На краю поля у дороги расположилось большое количество беженцев. Было шумно, плакали дети, кто-то с кем-то спорил, скрипели тележки. Тетя Таня и мама тоже свернули с дороги и остановились рядом с какими-то тележками, поздоровались с чужими тетями и, разговаривая с ними, стали готовиться к отдыху. Кушали в одном большом кругу, знакомились, спешили поделиться своим горем и дорожными новостями. Для всех это путешествие только начиналось и у всех все было очень похожим, все шли к каким-то родственникам на что-то надеялись и переживали. Ничто так не объединяет людей как общая беда. К концу ужина все знали друг о друге если не все то многое. Детей укладывали спать на тележках а сами расположились подле. Постепенно стемнело и стихийно возникший лагерь стих. Где-то в траве пронзительными звуками перекликались сверчки а на чистом небе ярко сверкали звезды. От соседних тележек доносился чей-то храп и сопение детей. Вихрастый смотрел на звезды, подсознательно воспринимая бесконечность глубины пространства, вспомнил потолок в своей комнате и как бегут по нему радужные фигуры непрерывной цепочкой, если плотно закрыть глаза. Он уснул.
Разбудили Вихрастого яркие лучи солнца и запах дыма с примесью аромата жареного лука, доносившегося от соседних тележек. Мама с тетей Таней тоже что-то готовили у соседнего костра и уже спустя несколько минут будили детей к завтраку. Завтрак и сборы показались Вихрастому очень быстрыми и он нехотя пошел за мамой с тележкой к дороге. Лагерь также быстро растаял как и образовался вчера вечером. Спереди и сзади скрипели тележки, перекликались люди, плакали не выспавшиеся дети и кто-то не понятно зачем и почему бранился. А небо было чистым и голубым и в его глубине протяжно заливался жаворонок как бы призывая людей остановиться и задуматься опомниться и вернуться к своим гнездам. Но не замечали того люди в своей суете и стремлении двигаться вперед в неизвестное. Только отдаленные раскаты грома среди ясного дня заставили людей встрепенуться и прибавить шагу - то был рукотворный гром и сеял он смерть совсем недалеко, там, на востоке, еще стояли солдаты: их отцы, братья и мужья. Это придавало сил и желания само сохраниться, преодолеть выпавшие на их долю испытания. Постепенно вереница повозок все больше растягивалась вдоль дороги, солнце поднималось все выше и становилось все труднее дышать. Разговоры и плач детей давно стихли, только писк и скрип колес да тяжелое дыхание людей в поднятой ими же пыли говорили о высоком напряжении в движущемся потоке. Вихрастый все время отставал и Коле приходилось несколько раз возвращаться и подталкивать брата. К полудню жара стала нестерпимой. Поэтому появление соснового леса у всех вызвало чувство облегчения и радости. Во время отдыха Вихрастый зашел за опушку леса и увидел большое разбитое здание с куполами. То была церковь. Вокруг лежали битые кирпичи, обгоревшие части дерева, множество осколков стекла, искареженые куски железа. Все говорило о прошедшем здесь тяжелом сражении. Экскурсия закончилась появлением брата Коли а за тем полученной трепкой от мамы. Но впечатление, полученное от всего увиденного, надолго запомнилось, часто всплывало в памяти в часы уединенных раздумий и это тоже уже становилось характерной чертой Вихрастого.

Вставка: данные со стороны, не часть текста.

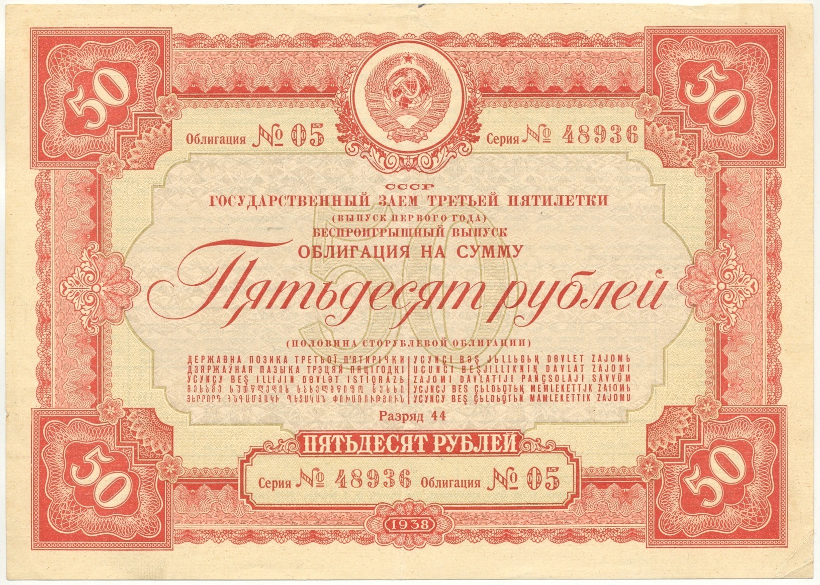 Облигация в 50 рублей 1938 года Государственный заем Третьей пятилетки (Выпуск 1-го года)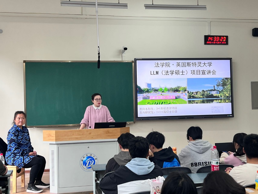 为深入学习贯彻党的二十大精神,助力科教兴国战略实施,激发学生参与国际交流的热情,做好出国相关规划和准备,10月20日下午两点半,法学院在明理楼B203举办了英国斯特灵大学LLM项目宣讲会,院长傅晶晶老师主持会议。法学院300余名师生到现场聆听了宣讲。。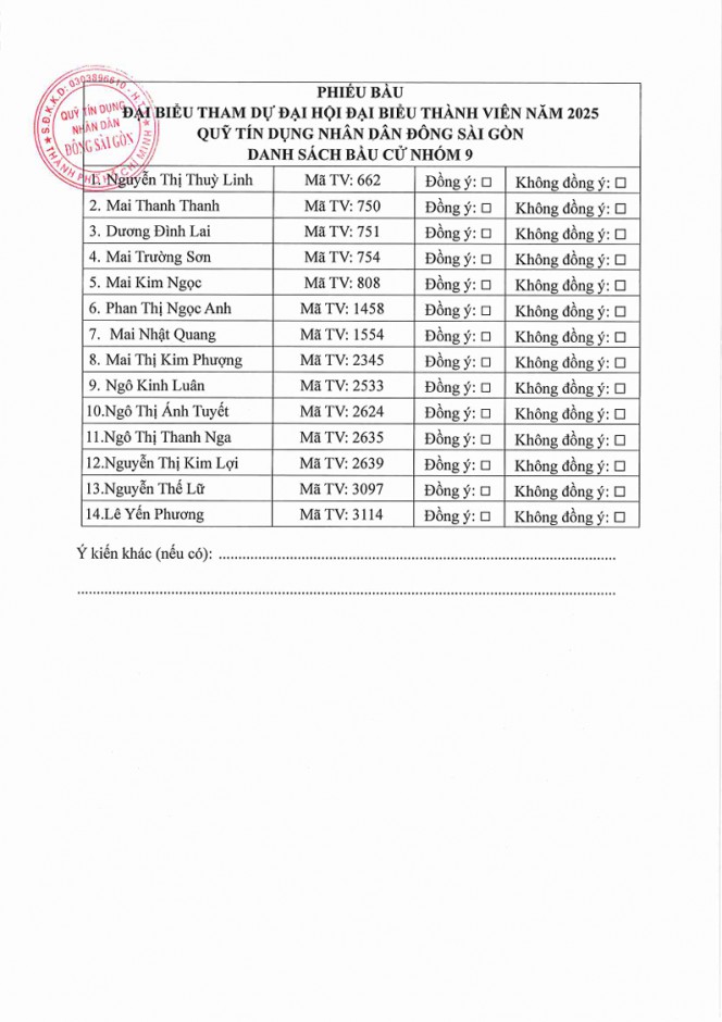 Thông báo danh sách đề cử và lấy ý kiến bầu chọn Đại biểu tham dự ĐHĐBTV năm 2025 (Nhóm 9)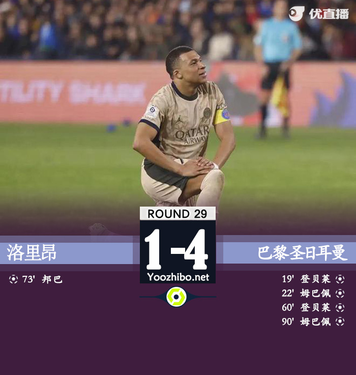 优直播讯:北京时间4月25日凌晨1:00,法甲第29轮,巴黎客场对阵洛里昂。上半场,登贝莱远射破门;姆巴佩左脚脚后跟建功。下半场,姆巴佩超强过人助攻登贝莱完成双响;邦巴扳回一球;最后阶段姆巴佩再入一球完成双响!最终,巴黎客场4-1击败洛里昂,若随后摩纳哥不胜,将直接夺得本赛季法甲冠军。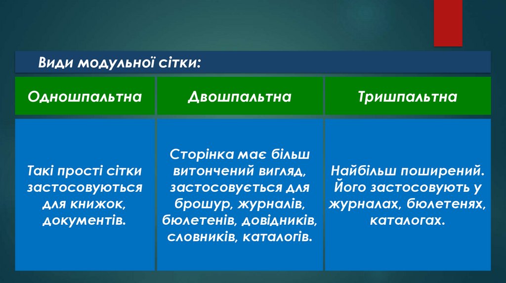 Види модульної сітки:Одношпальтна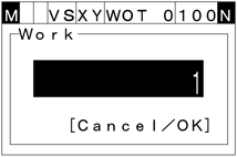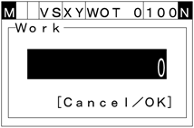 起動時には、WORK0(ベース座標)が設定されています。 数値を入力し、[OK]を押すと、任意のワーク座標系に変更します。 [Cancel]を押すと、ワーク座標系選択の変更が無効になります。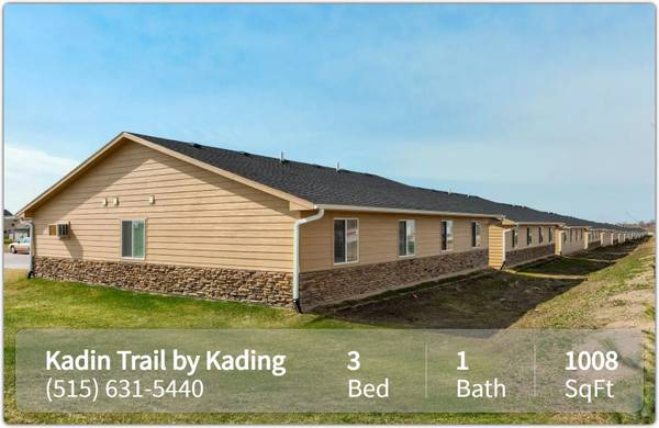 Did you know you could lease a ranch style townhome for about the same cost as renting an apartment? The conveniences of an apartment with the enjoyment of your own front door, yard and attached garage. Upgrade your apartment experience to townhome living with Kading!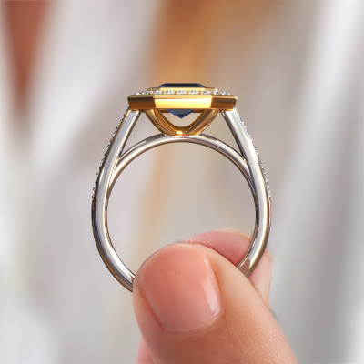 This 14 Carat white gold ring is called Noud 2 EME and is set with 8x6 mm sapphire. Does your girlfriend fancy exclusive jewellery? Or would you like to show her that she deserves the finest jewellery? This white gold ring is pure craftsmanship, love and passion combined with the latest techniques coming together in perfect harmony. It requires a keen eye, patience and a skilful hand to mould this ring into perfection. Just the job for our expert goldsmith! The sapphire set gemstones gives this white gold ring an extra glamorous appearance. Customize the style of the pavé engagement ring to her liking with a wide variety of precious metals and gemstones which you select. That is how you create a unique ring for the most exclusive woman in your life! This jewel is created to add sparkle to your finger, each jewel is lovingly made by hand by our goldsmiths.After receiving your order, our goldsmiths will start the creative process of making your Noud 2 EME engagement ring. We don't keep stock. This is advantageous because these costs will not be passed on to you. Therefore, we can offer jewellery at exceptionally low prices.Have you found a specific engagement ring somewhere which you would like to give to your loved one? Please feel free to express your wishes to our jewel designers because we would be honoured to turn your design into a exclusive engagement ring. You can follow the development of your ring design because we use 3D drawings. This gives you a realistic preview of how your design will look. You can also preorder a dummy. A dummy is a plastic ring, which can be shaped according your ring design. You can try it on and check if its width and size are suitable for you. We will gladly send you a non-binding offer, based on a fair price/ quality ratio. It will amaze you, considering the quality of the ring and gemstones.To make it easier for you, we offer a 30 day return policy. Check our terms and conditions.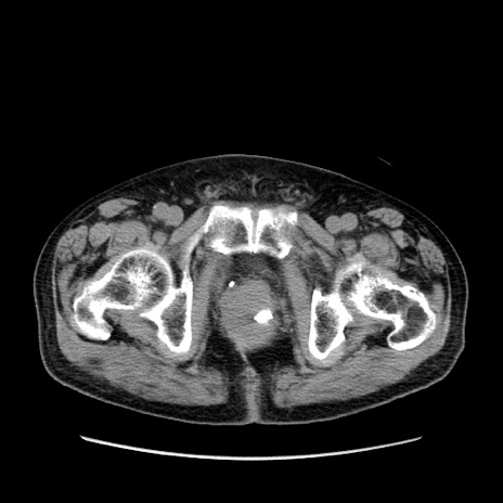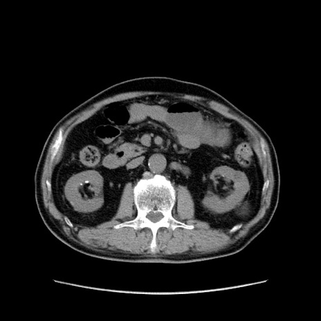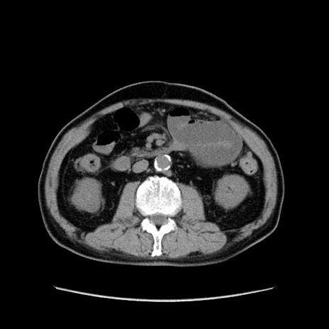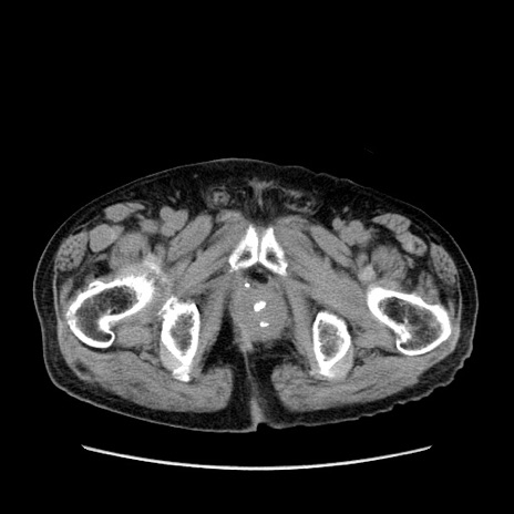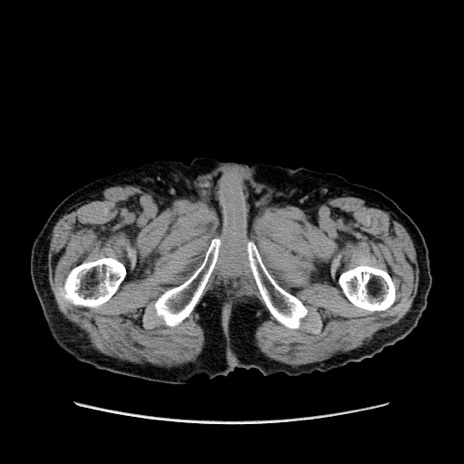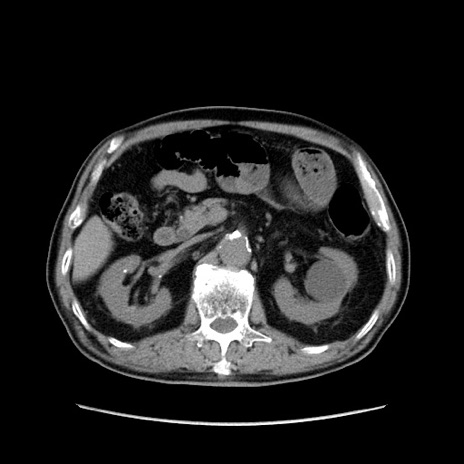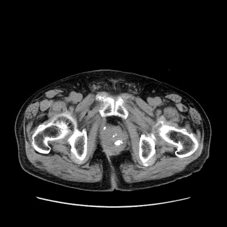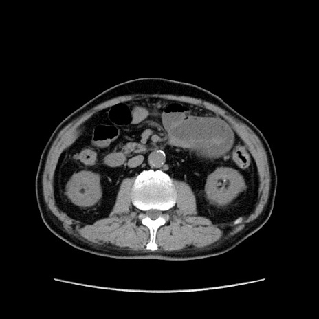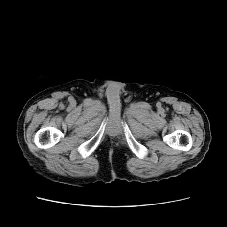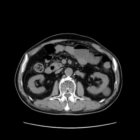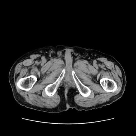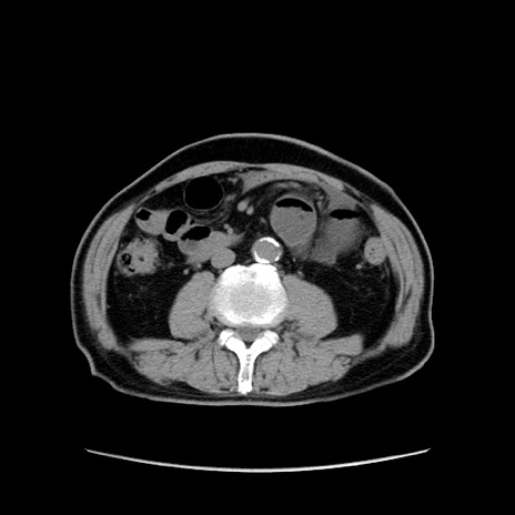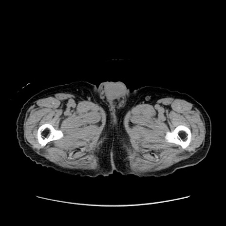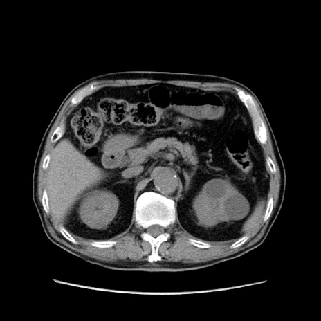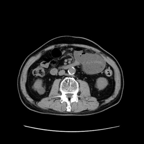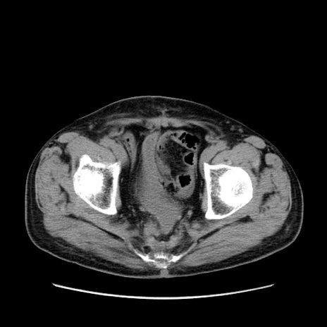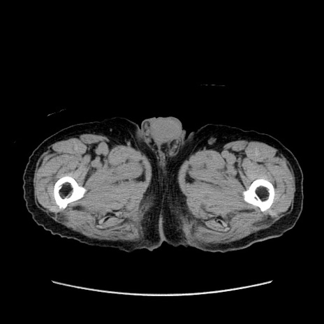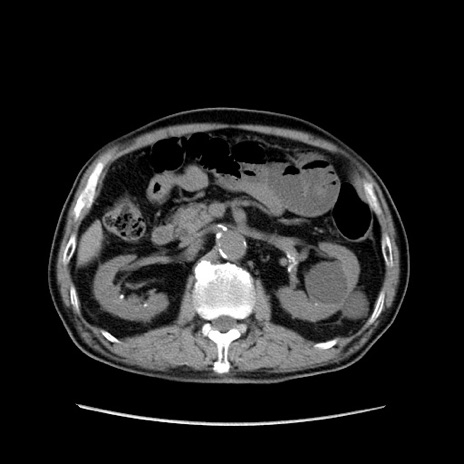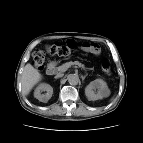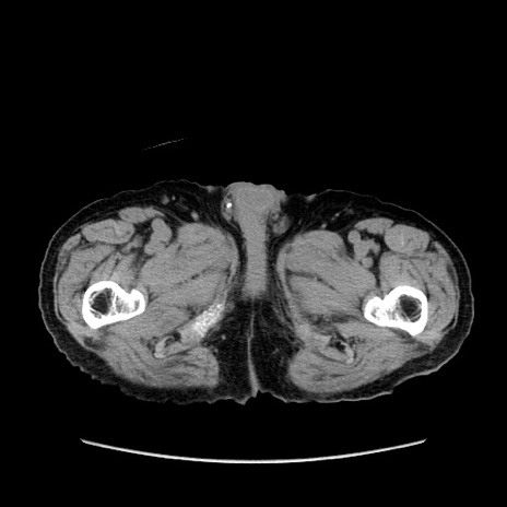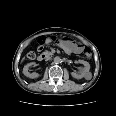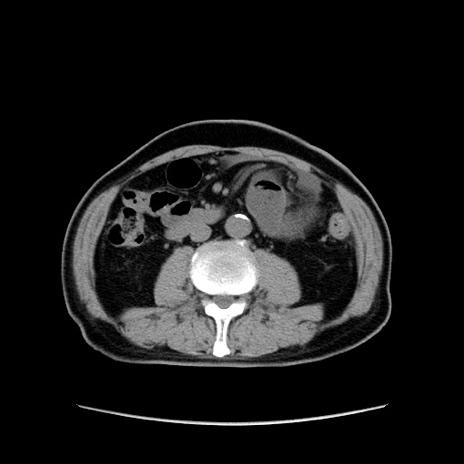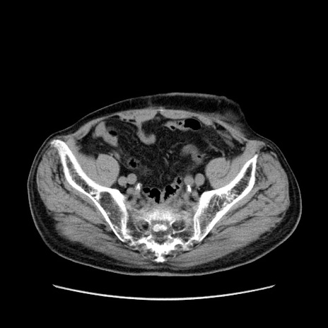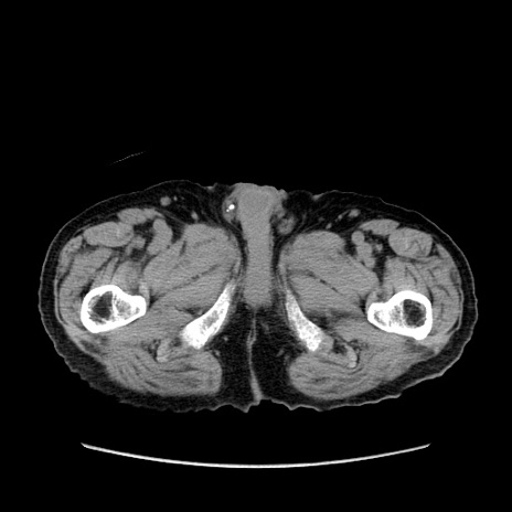 【症例】80歳代男性 【主訴】左側腹部痛、嘔吐 【現病歴】本日早朝より左腹部に痛みあり。昼頃嘔吐認めたため、救急要請。 【既往歴】直腸癌(Mile手術)、胆摘 【身体所見】意識清明、BT 35.9℃、BP 221/93mmHg、SpO2 97%(RA) 、腹部:左ストーマ周囲に限局性の腹部膨隆あり。 膨隆部自発痛・圧痛あり・軟。 【データ】WBC 7700、CRP 0.09

Еще прошло несколько жарких дней в дороге, не похожим по контрастам событий и очень сходных по трудностям и лишениям. В один из таких дней и произошло событие оставившее глубокий след на всю последующую жизнь Вихрастого. Того дня они очень долго простояли у моста через реку, немцы не пропускали, и было уже предвечернее время когда спадала жара, лучшее время для движения перед привалом и путники прибавили шагу. Они вдвоем, мама и тетя Таня, сразу после моста свернули с большого тракта на проселочную дорогу, желая сократить путь. Вокруг было тихо и спокойно. По обе стороны дороги росла густая трава среди которой возвышались редкие кусты ивняка. Вихрастый, как всегда, отставал, засматриваясь на насекомых и птиц. Появление немецких мотоциклистов было столь неожиданным что а мама и Коля, когда опомнились, увидели Вихрастого лежащим в пыли посреди дороги без признаков жизни. В шоковом состоянии мама перенесла малыша и положила в тележку поверх узлов с вещами. В полном оцепенении она смотрела на него беззвучно шевеля губами.
-Он живой, он дышит, - чуть слышно прошептал Коля, склонившись над Вихрастым, и с надеждой посмотрел на маму.
Немая сцена сменилась беспорядочной суетой.
-Вернемся в то село что было справа когда сюда ехали. – Предложила тетя Таня. – Там поищем врача или хотя бы фельдшера.
В обратном направлении повозки двигались так быстро как только это было возможно. Как и следовало ожидать, в селе врача не было и фельдшер оказался старым больным человеком. Осмотрев малыша, фельдшер распорядился принести деревянные рейки и разорвать простынь на полоски. Слегка обмыв тельце, он полосками простыни примотал его к рейкам, выровняв руки и ноги, зафиксировал голову, обработал йодом ссадины и перевязал раны. После всего он велел завернуть мальчика в чистую простынь и одеяло, а маме объяснил: - Если внутренние органы и позвоночник не очень сильно повреждены то можно надеяться на поправку, наружные раны и ушибы не очень опасны, если не будет заражения. Медикаментов нет и можно надеяться только на бога.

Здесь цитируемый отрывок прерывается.